### GIVEN DATA

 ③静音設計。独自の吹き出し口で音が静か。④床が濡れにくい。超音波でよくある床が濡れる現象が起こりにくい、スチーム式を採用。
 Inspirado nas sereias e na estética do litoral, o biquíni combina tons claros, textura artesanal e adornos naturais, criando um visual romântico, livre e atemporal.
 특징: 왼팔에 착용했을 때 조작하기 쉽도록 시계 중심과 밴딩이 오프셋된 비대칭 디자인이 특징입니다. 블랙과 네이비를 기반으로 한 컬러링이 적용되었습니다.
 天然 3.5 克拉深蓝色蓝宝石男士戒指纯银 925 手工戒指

--

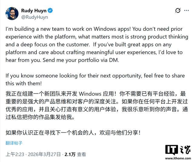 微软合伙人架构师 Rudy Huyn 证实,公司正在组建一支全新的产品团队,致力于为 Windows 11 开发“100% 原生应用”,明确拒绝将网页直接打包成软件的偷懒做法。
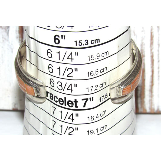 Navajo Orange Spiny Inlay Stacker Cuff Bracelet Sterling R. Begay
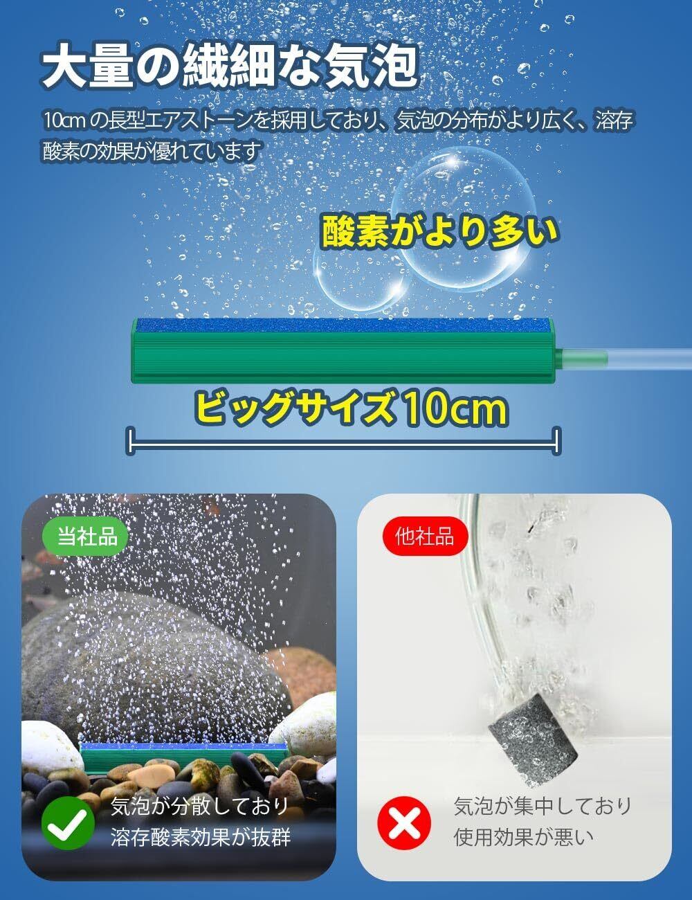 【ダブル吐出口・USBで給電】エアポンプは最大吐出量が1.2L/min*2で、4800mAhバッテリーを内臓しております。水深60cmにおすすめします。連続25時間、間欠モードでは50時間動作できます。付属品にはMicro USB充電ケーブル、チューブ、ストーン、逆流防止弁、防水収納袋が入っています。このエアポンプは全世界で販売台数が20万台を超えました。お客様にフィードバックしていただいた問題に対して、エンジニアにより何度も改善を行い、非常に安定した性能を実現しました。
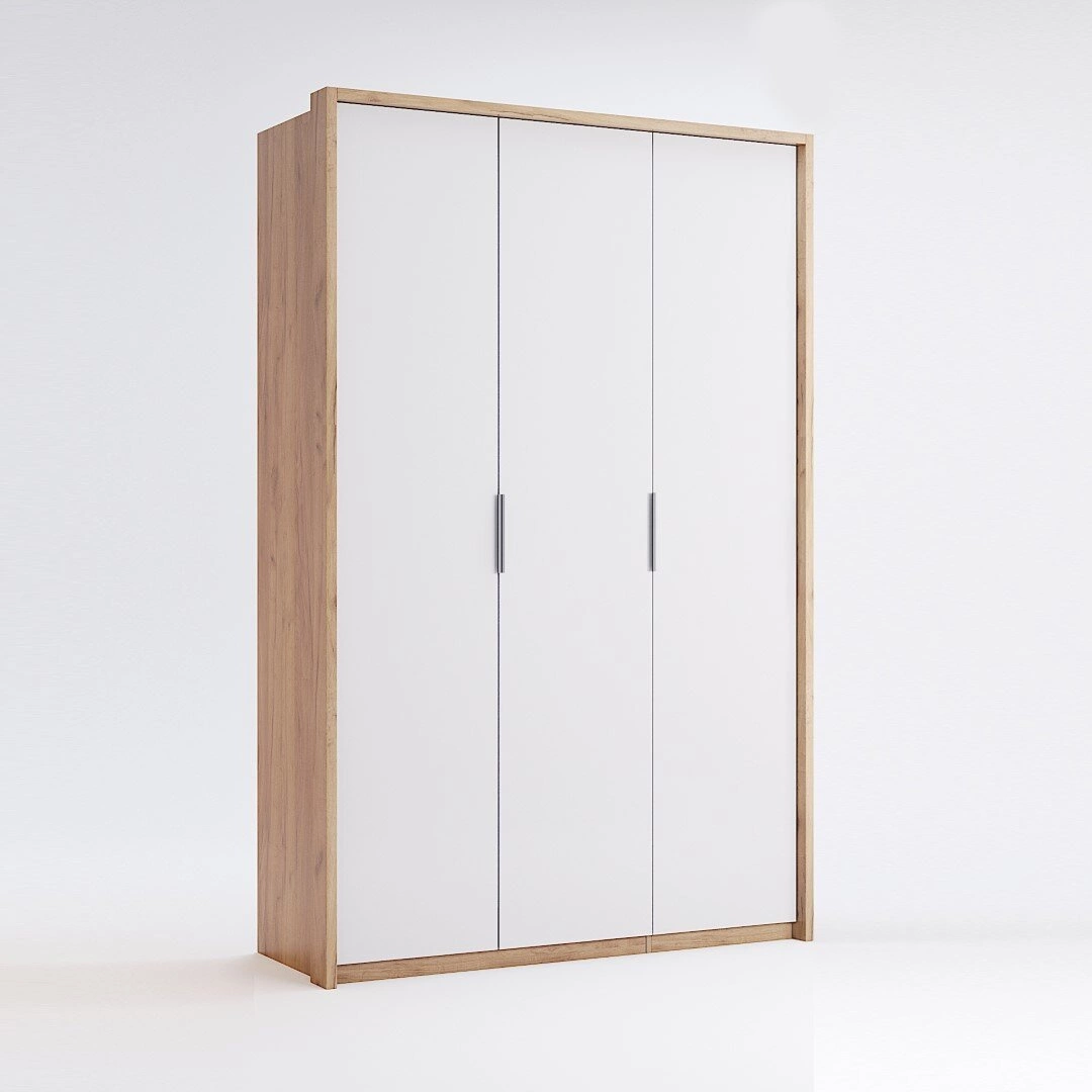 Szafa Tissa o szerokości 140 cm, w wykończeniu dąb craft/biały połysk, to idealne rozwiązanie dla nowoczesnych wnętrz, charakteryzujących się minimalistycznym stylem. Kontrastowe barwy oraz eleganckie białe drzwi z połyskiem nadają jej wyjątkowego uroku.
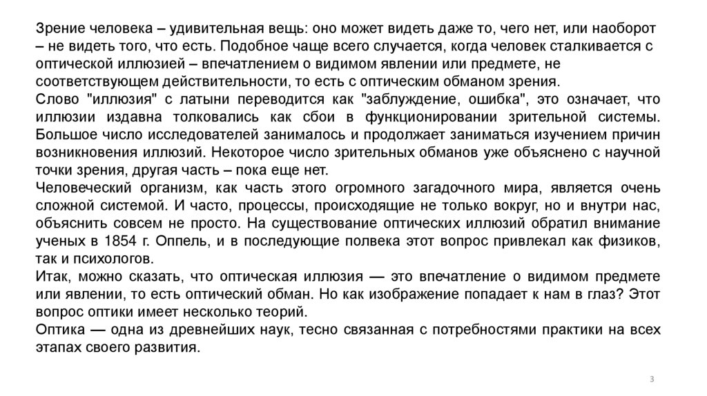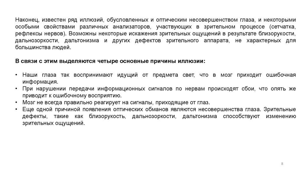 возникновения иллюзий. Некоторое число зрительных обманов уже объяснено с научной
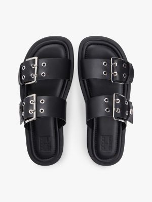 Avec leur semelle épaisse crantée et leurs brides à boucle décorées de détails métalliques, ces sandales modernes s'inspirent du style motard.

...

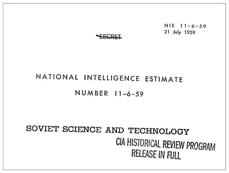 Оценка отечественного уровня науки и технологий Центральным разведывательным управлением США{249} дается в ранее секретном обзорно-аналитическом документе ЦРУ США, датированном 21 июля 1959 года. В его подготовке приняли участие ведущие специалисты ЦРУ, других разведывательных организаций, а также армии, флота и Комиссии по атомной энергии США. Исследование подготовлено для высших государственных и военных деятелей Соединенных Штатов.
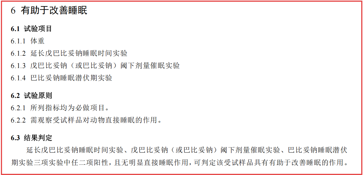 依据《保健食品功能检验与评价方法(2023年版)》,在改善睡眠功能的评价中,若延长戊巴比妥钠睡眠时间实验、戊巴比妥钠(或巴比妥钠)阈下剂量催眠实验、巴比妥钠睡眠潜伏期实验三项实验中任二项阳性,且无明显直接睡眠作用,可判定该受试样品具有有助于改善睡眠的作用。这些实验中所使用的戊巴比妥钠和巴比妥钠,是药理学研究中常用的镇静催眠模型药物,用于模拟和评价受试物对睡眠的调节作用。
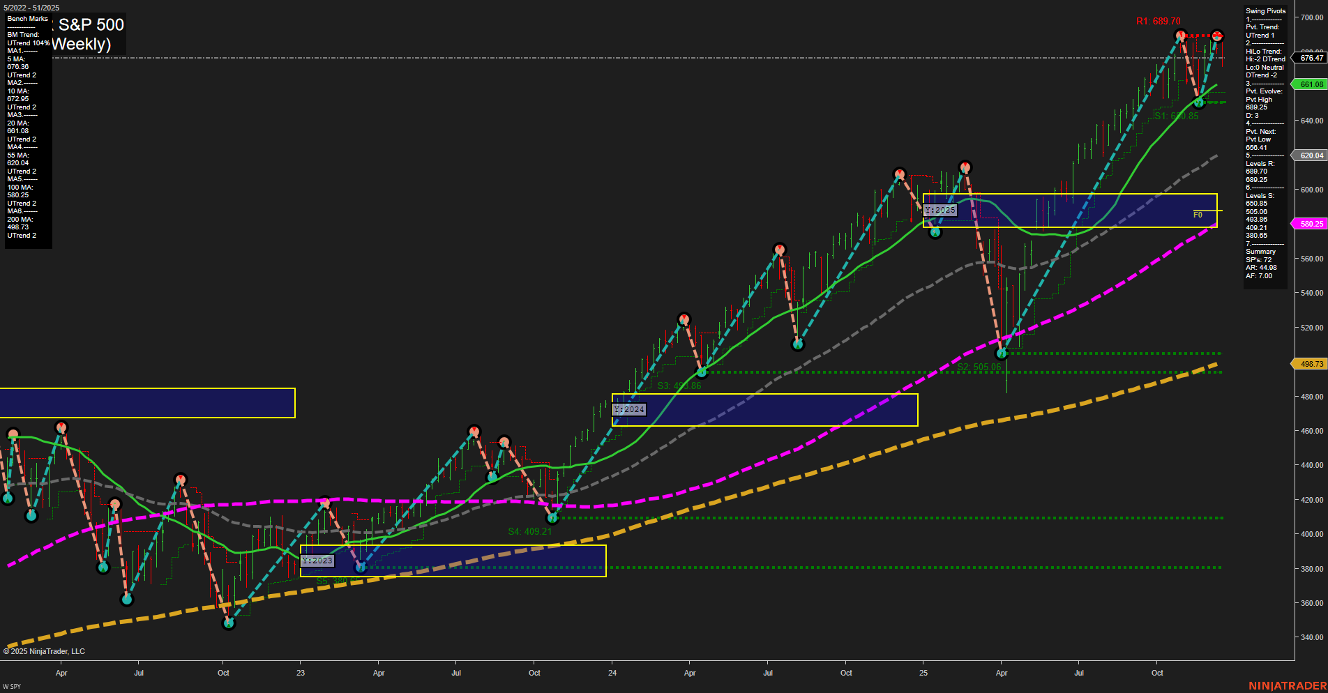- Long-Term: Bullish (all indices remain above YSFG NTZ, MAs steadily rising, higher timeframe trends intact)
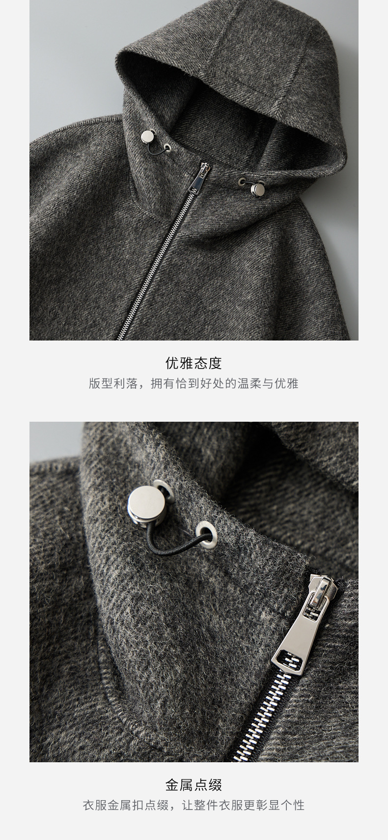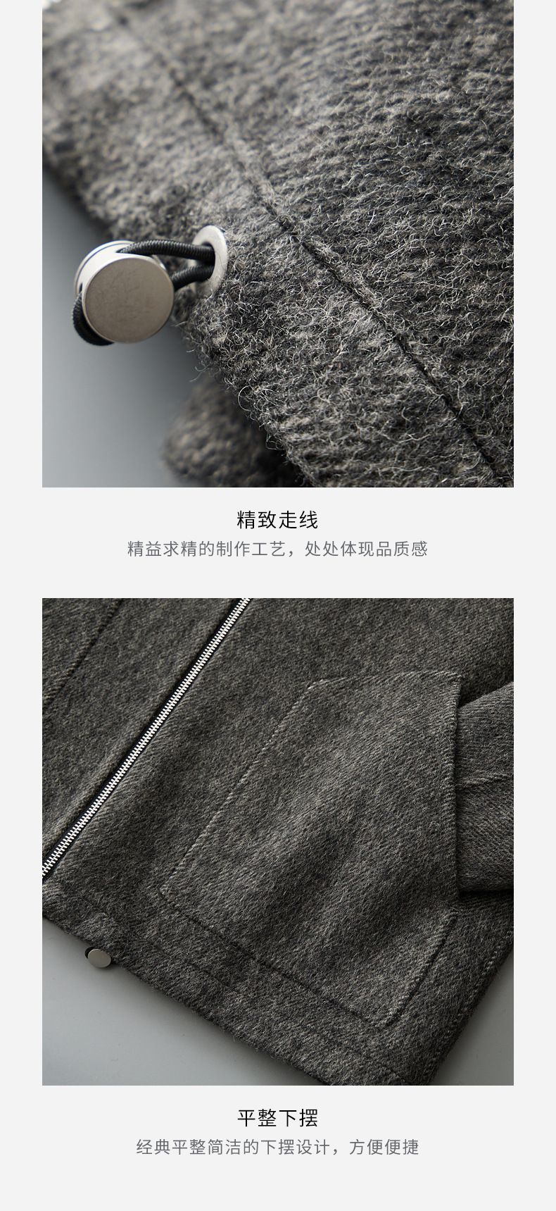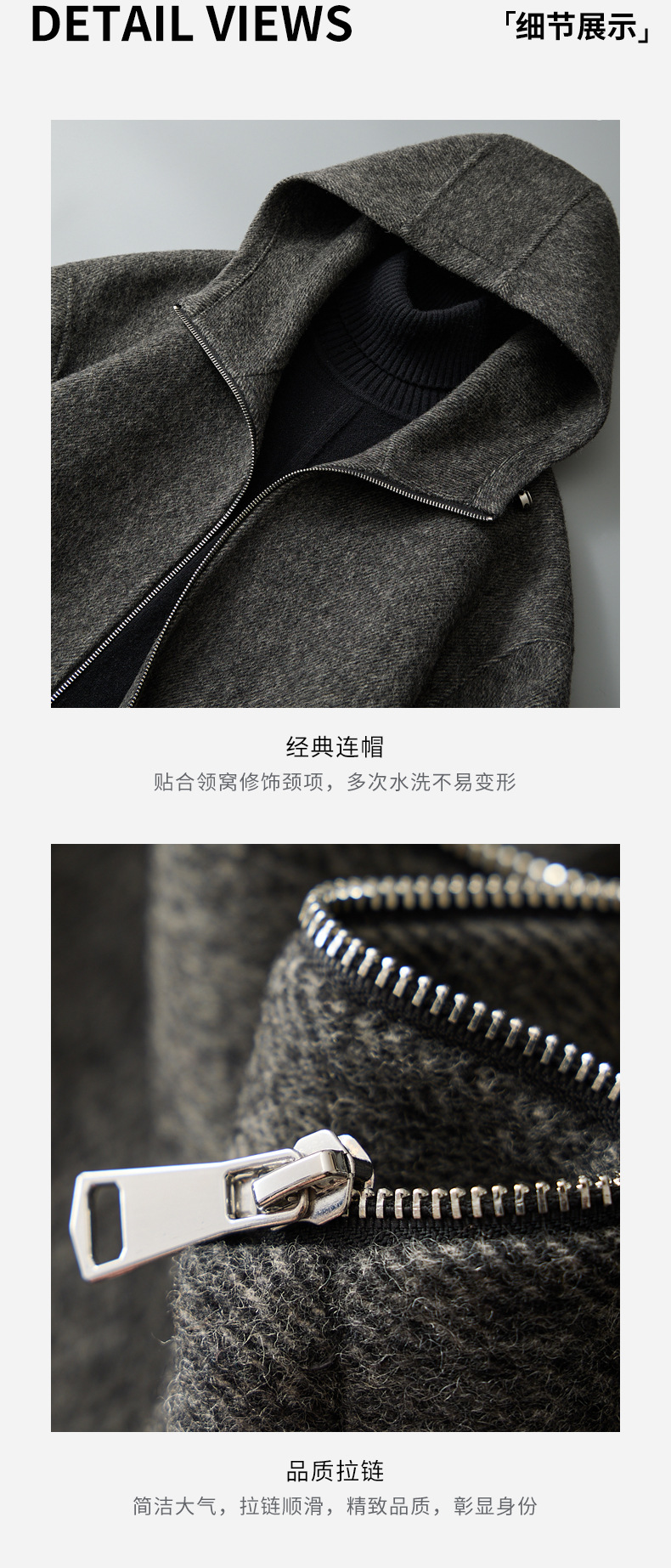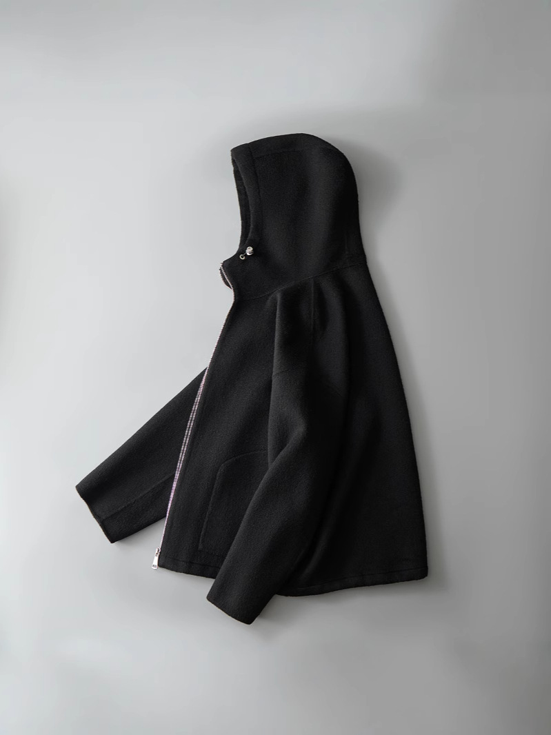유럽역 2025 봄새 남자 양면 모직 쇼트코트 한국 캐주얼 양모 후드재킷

### INSTRUCTIONS TO FOLLOW
Find the line with "依据《保健食品功能检验与评价" and the line with "유럽역 2025 봄새 남자 양면 모직 쇼트코트 한국 캐주얼 양모 후드재킷" in the records above. Copy both and all lines between them exactly, without pictures.

### SOLVED PROBLEM
 依据《保健食品功能检验与评价方法(2023年版)》,在改善睡眠功能的评价中,若延长戊巴比妥钠睡眠时间实验、戊巴比妥钠(或巴比妥钠)阈下剂量催眠实验、巴比妥钠睡眠潜伏期实验三项实验中任二项阳性,且无明显直接睡眠作用,可判定该受试样品具有有助于改善睡眠的作用。这些实验中所使用的戊巴比妥钠和巴比妥钠,是药理学研究中常用的镇静催眠模型药物,用于模拟和评价受试物对睡眠的调节作用。
- Long-Term: Bullish (all indices remain above YSFG NTZ, MAs steadily rising, higher timeframe trends intact)
유럽역 2025 봄새 남자 양면 모직 쇼트코트 한국 캐주얼 양모 후드재킷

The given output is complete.